The track "Blueboy" was nominated for Best Male Rock Vocal Performance.

Cover
When asked about if the wet Fender guitar used on the cover was real, Fogerty said, "Oh yes, it is a real photo. I bought a new Fender Stratocaster just for this occasion. After the shooting we dried every part of the guitar. Maybe I should put it on show now".

2004 remastered version
In 2004 a remastered version of Blue Moon Swamp was released.

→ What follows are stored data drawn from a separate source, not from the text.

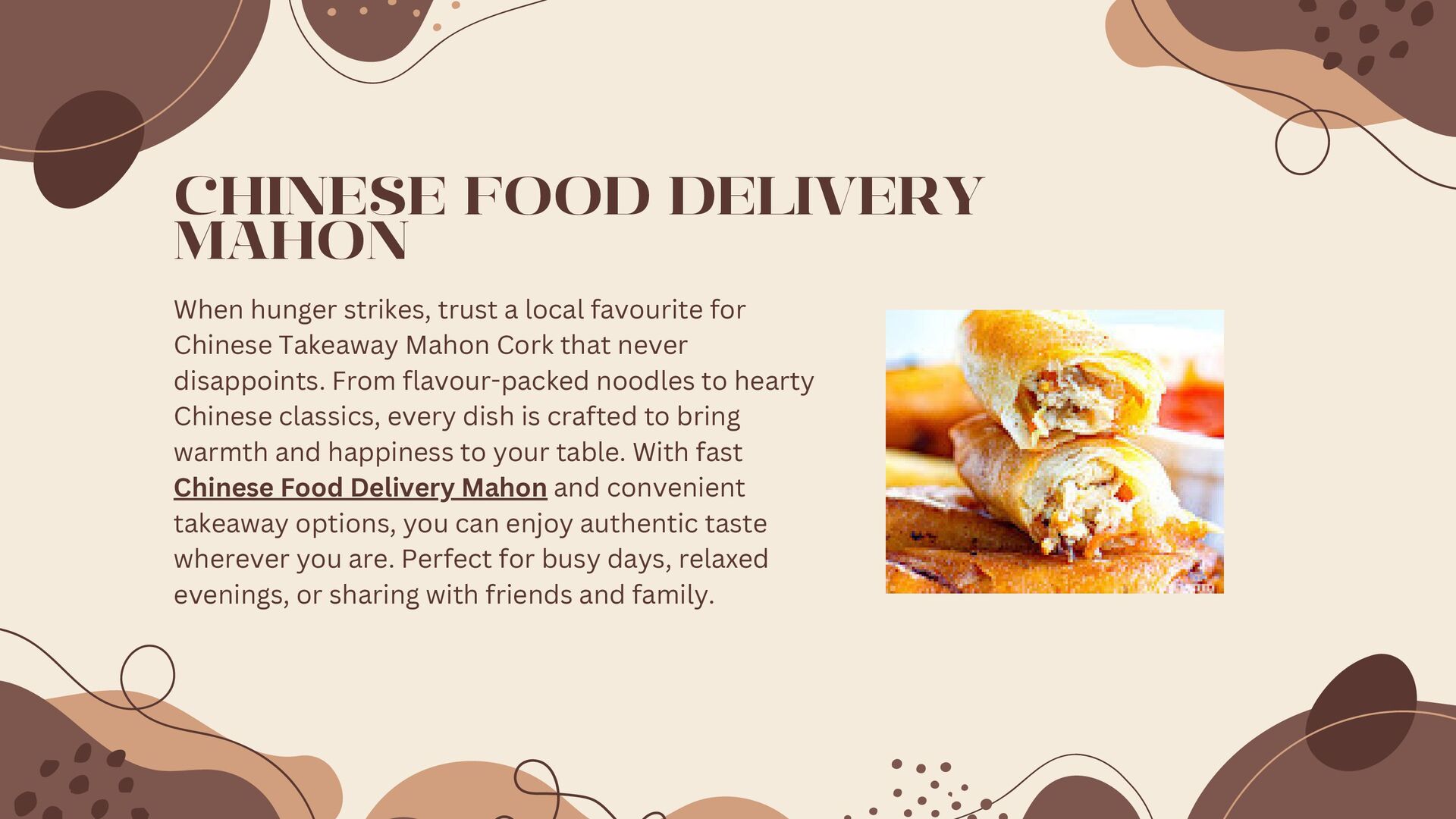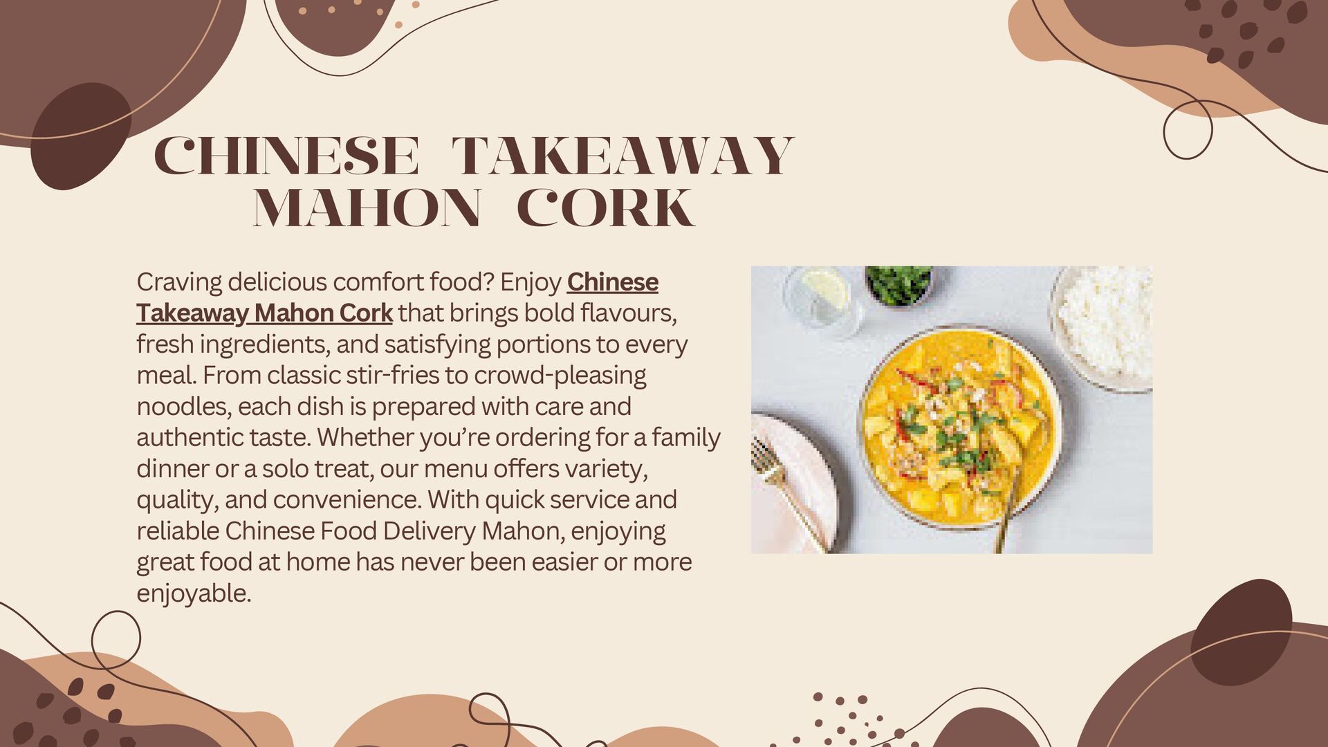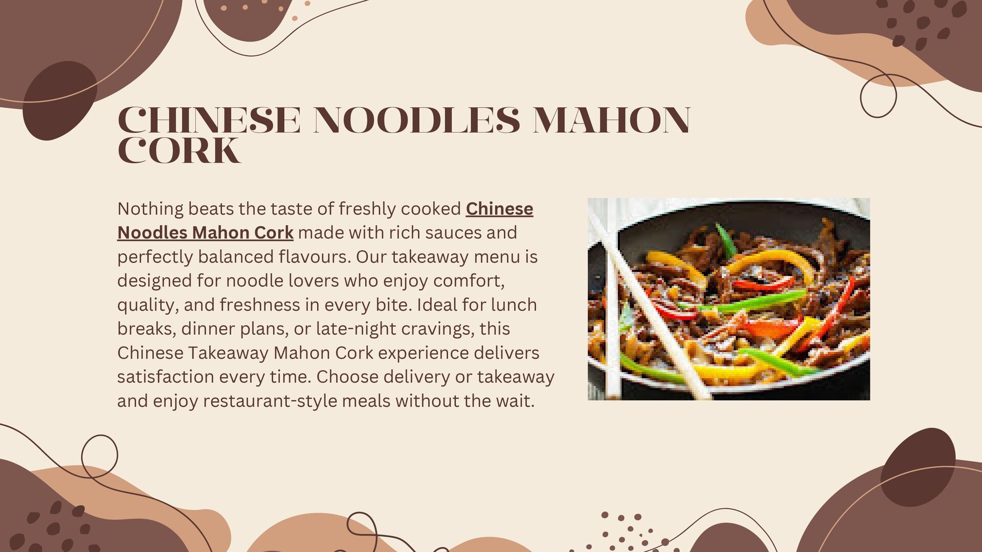 Enjoy flavour-packed meals with Chinese Takeaway Mahon Cork, serving freshly cooked favourites made with care. From comforting Chinese Noodles Mahon Cork to quick and reliable Chinese Food Delivery Mahon, every dish brings authentic taste and satisfaction—perfect for busy days, relaxed evenings, and sharing great food with family or friends.
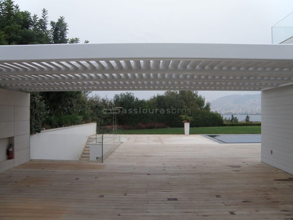 Πέργκολα εξ ολοκλήρου από ξυλεία Κόκκινου Κέδρου, κατάλληλα επεξεργασμένη για κατασκευή σε εξωτερικούς χώρους. Ο σκελετός και οι περσίδες συνδέονται με κρυφό τρόπο, με συνδέσμους εξειδικευμένους για χρήση σε ξύλο και πιστοποίηση φορτίων, για εξαιρετικά κομψή, αλλά και απόλυτα ασφαλή συνδεσμολογία. Σε λευκή απόχρωση και με επεξεργασία για ανάγλυφη υφή, οι σταθερές, επικλινείς περσίδες επιτρέπουν τον επιθυμητό φωτισμό του χώρου. Από το αρχιτεκτονικό γραφείο Ζέππος – Γεωργιάδη.
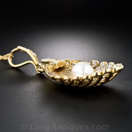 A shimmering freshwater pearl is served up on a glistening 18K gold and rose-cut diamond-set half shell in this unique, gorgeous and extraordinary antique diamond pendant, superbly rendered during the mid-19th century. This rare beauty measures just a smidgin shy of 2 inches long by 7/8 inch wide. This piece hangs from an 18 inch, 14 karat gold new chain.
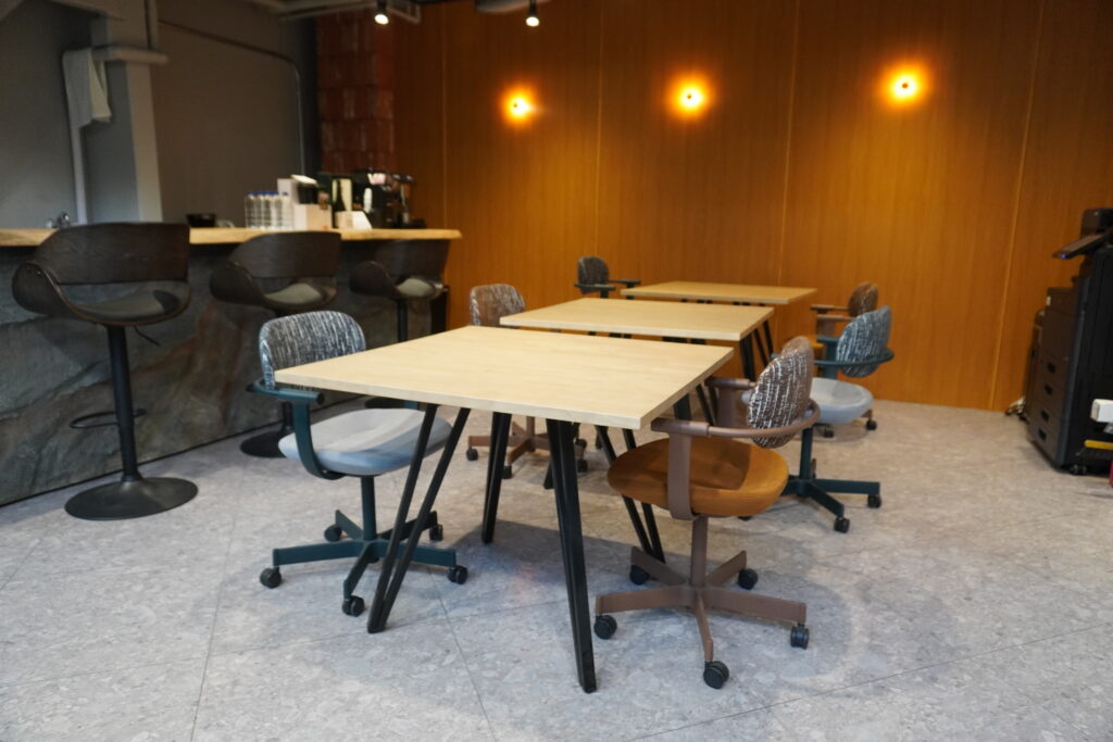 内装にも拘っており、商談や打ち合わせが捗ります。コーヒーや軽食も有料提供しており、どなたでも購入が可能ですのでお気軽にお立ち寄りください。
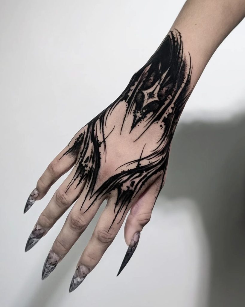 This bold tattoo features intense, abstract black ink patterns that stretch across the hand, creating a sharp, claw-like effect. The jagged strokes and dark shading give it a dramatic, otherworldly look, perfect for someone with a fierce, alternative style. The design feels powerful and adds a sense of mystery and intensity to the hand.
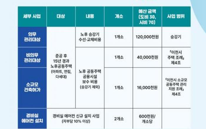 이천시는 '2024년 공동주택 지원사업'과 함께 '2024년 노후 승강기 등 공동주택 주거환경개선 지원사업'을 2024년 1월 31일까지 지방보조금관리시스템을 통해 신청 받는다. 이 사업은 준공 후 15년이 지난 공동주택을 대상으로 의무관리대상 공동주택 승강기 교
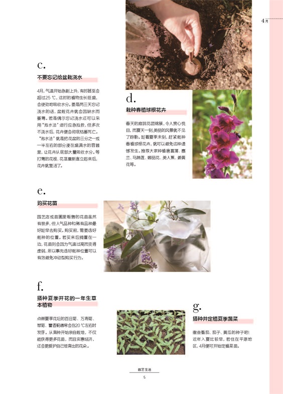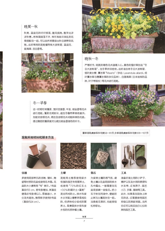 本书按照月份分为12个章节,涵盖了每月易栽植物推荐、植物养护、庭院景观设计、植物配色等方面的内容。此外本书还加入了培育、装饰、料理三个主题,希望大家将园艺活动的成果从户外带入室内,过上花草为伴的诗意生活。每章开篇部分推荐了当月花期的十多种植物,介绍了植物的花期、栽培方式、科属等基本信息;随后的部分按步骤细致讲解了每月需要进行的园艺活动,如果换盆翻土堆肥的技巧或者庭院景观设计和植物搭配的小妙招;第三节以某一类代表性植物的培育要点为主要内容,例如香草类植物的栽培和养护、球根类植物的培育技巧等;第四节教读者将植物运用到生活中,如各式花卉的插花花束制作、香料助眠枕的缝制等;第五节希望读者在劳动之余也能有口福之享,介绍了多种可以用自己庭院植物制作的菜肴或茶饮。本书结尾处,编者贴心总结的园艺生活日历可以帮助大家合理有序地开展园艺活动。

It features renewed sound and two bonus tracks, which were previously released on singles in either 1997 or 1998, "Just Pickin'" and "Endless Sleep".

Track listing

Personnel

As published in the liner notes of Warner Bros CD release 9 45426-2:

 John Fogerty – guitars, lap steel, dobro, handclaps, electric sitar, farfisa organ, tambourine (on "Bring It Down to Jelly Roll"), backing vocals (on "Walking in a Hurricane" and " Bad Bad Boy"), mandolin, irish bouzouki, vocals, arrangements, production
 Kenny Aronoff – drums (on most tracks), percussion (on "Joy of my Life")
 Chad Smith - drums (on "Walking in a Hurricane")
 Chester Thompson - drums (on "Blueboy" and "Bad Bad Boy")
 Vinnie Colaiuta - drums (on "Swamp River Days")
 Eddie Bayers - drums (on "A Hundred and Ten in the Shade")
 Jeff Donavan – drums (on "Southern Streamline" and "Blue Moon Nights")
 Bob Glaub - bass (on most tracks), handclaps (on "Blueboy")
 Donald Dunn - bass (on "Blueboy")
 Howie Epstein - bass (on "Rambunctious Boy")
 John Clayton - bass (on "A Hundred and Ten in the Shade")
 Michael Rhodes - bass (on "Southern Streamline")
 Phil Chen - bass (on "Bad Bad Boy")
 Dave Taylor – bass (on "Walking in a Hurricane")
 Luis Conte – clavé, maracas, tambourine, percussion, shaker
 Lonesome River Band (Ronnie Bowman, Don Rigsby, Kenny Smith) – backing vocals (on "Southern Streamline" and "Rambunctious Boy")
 The Waters (Julia Waters, Maxine Waters, Oren Waters) – backing vocals (on "Blueboy")
 The Fairfield Four (James Hill, Isaac Freeman, Wilson Waters, Jr., Robert Hamlett, Joe Rice) – backing vocals (on "A Hundred and Ten in the Shade")
 Ryan Freeland - handclaps (on "Hot Rod Heart")
 Bob Fogerty - handclaps
 Andy Brauer - handclaps (on "Blueboy")
 Tommy "V" Verdonck - handclaps (on "Bring It Down to Jelly Roll" and "Rambunctious Boy")
 Lyndsay, Shane, Tyler, Julie - kids in the crowd (on "Blueboy")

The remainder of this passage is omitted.